In the local area there is a youth club ,after school activities as well as a library. Most schools have a councillor. To say there is nothing to do for youth is just not true. Poverty doesn’t mean you have to carry a knife for protection.

I don’t see any mention of parents though.

Lots of mention about government, police, lack of social services, but nothing on lack of parenting and personal responsibility.

The sooner people realise that they are responsible for their own actions, and consequences, the better as a society we will be.


Growing up, I had friends who were children of extremely low-income families. This did not seem to make them violent. They were peaceful people. They did not blame the government for their poverty. They did not blame others for their poverty. They did not violently attack others.

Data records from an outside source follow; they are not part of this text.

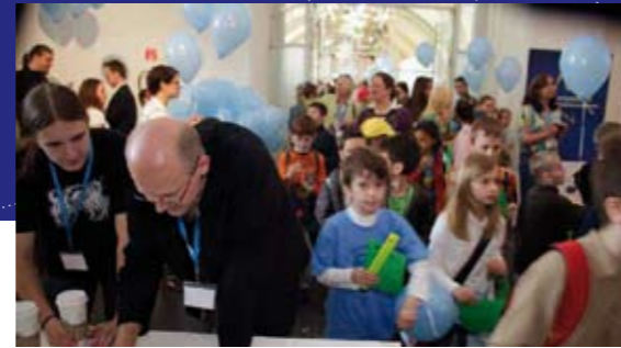
› Europa im Klassenzimmer im Wiener Museumsquartier

An den drei Tagen beschäftigten sich die Teilnehmerinnen und Teilnehmer vor allem mit dem breiten Feld der Gesundheitserziehung in Schulen, der Entwicklung von eigenen Projektideen,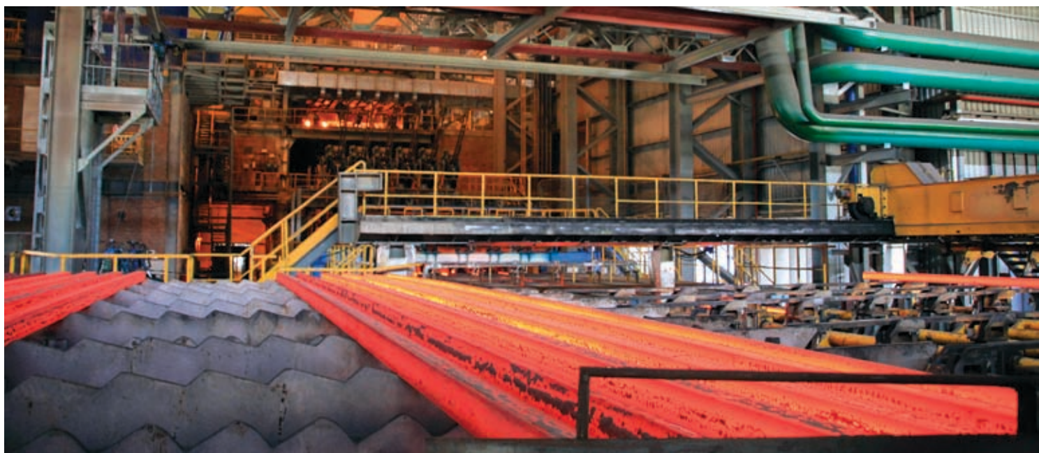
Абинский электрометаллургический завод, помимо важнейшей общероссийской задачи – успешного развития производства, решает огромное количество социальных вопросов местного значения

– Несмотря ни на что, мы отмечаем высокие темпы строительства жилья. В город заходят строительные компании и возводят жилые комплексы. Если строят, значит, есть спрос. Эти сторонние предприятия быстро получают ▶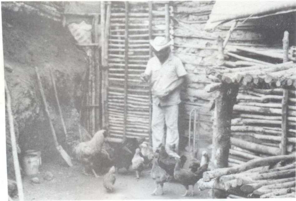
Habitantes de La Trampa.

Perhaps their outlook would have been different if there was pervasive messaging telling these low-income families that their poverty was the fault of others.

Perhaps that messaging would have created resentment, and that resentment would have led to violence.


Is a 14 or 15 year old responsible for their own actions?

@Londondrz post actually focussed on the parents.

But yes, I believe a 14/15 year old should accept some responsibility for his picking up a knife and stabbing someone.

If 14/15 year olds are abdicated of all personal responsibility for their own violence, I think society could end up in a dark place.

I was, I am sure you were.

Fabulous. Let’s assume Chris was as well so that make three people. Being representative of society as we are I think we can make some strong conclusions here.


Skua notes the complexity of the issue and hints at the inter-connectivity of some of it root causes. Sure, it’s easy to point the finger at austerity. It’s also easy to point the finger at the parents. The truth probably lies somewhere in between and a mix of issues.

Sadly I doubt this issue will ever be handled in a meaningful manner as long as we lead with our politics and ignore our cognitive biases.

1 Like

Greta Thunberg seems to have done well for a 15 year old. Malala Yusafzai seems to have achieved the same. Let’s put our world into context against the one Malala came from. Bit different and yet youth still feel they need to carry a knife??


Firstly sympathy to the victim of yesterday’s stabbing and his family and friends. Commiseration also to all those who witnessed this event. I think it is important at this time to remember that ,depressing and difficult though it is to know what to do : and your previous thoughtful discussion has highlighted the different aspects that have led us to yesterday, there are solutions, things we can do. The Forest Hill community contains many vocal and caring people who have worked together before. We can work together again on this. Our community pollice, schools and youth organisations all have a role to play and we must support them and press for more support for them all.
Margot Wilson

1 Like

Shall we waste our time by picking random examples? Okay. I’ll play your game. I’ll take your Greta and your Malala and raise you child soldiers.

Or perhaps we should exclude guns from this discussion. No doubt you’ll be wanting to move this to ethikos anyways.


A very important point. Particularly with complicated issues we need to step back and understand where we, as a community, can affect the biggest change. @Andrei notes one area, where this could be achieved. Communities can, through their influence on councils or through charity, increase access to youth services. Recognizing that these have a positive influence on our young people, particularly those most at risk is a way forward. It should not ignore other contributing factors, but I would suggest that community has less influence on those matters.

I’ll be interested to hear more at the RECLAIM event on Saturday if I can make it.

Starman, thank you for your example. You may notice in the case of Malala I pointed our the difference as per my comment on context.

If you feel a child in a war torn country is representative of a child in the UK then the UK must be a terrible place for kids. I should worry about my own I think.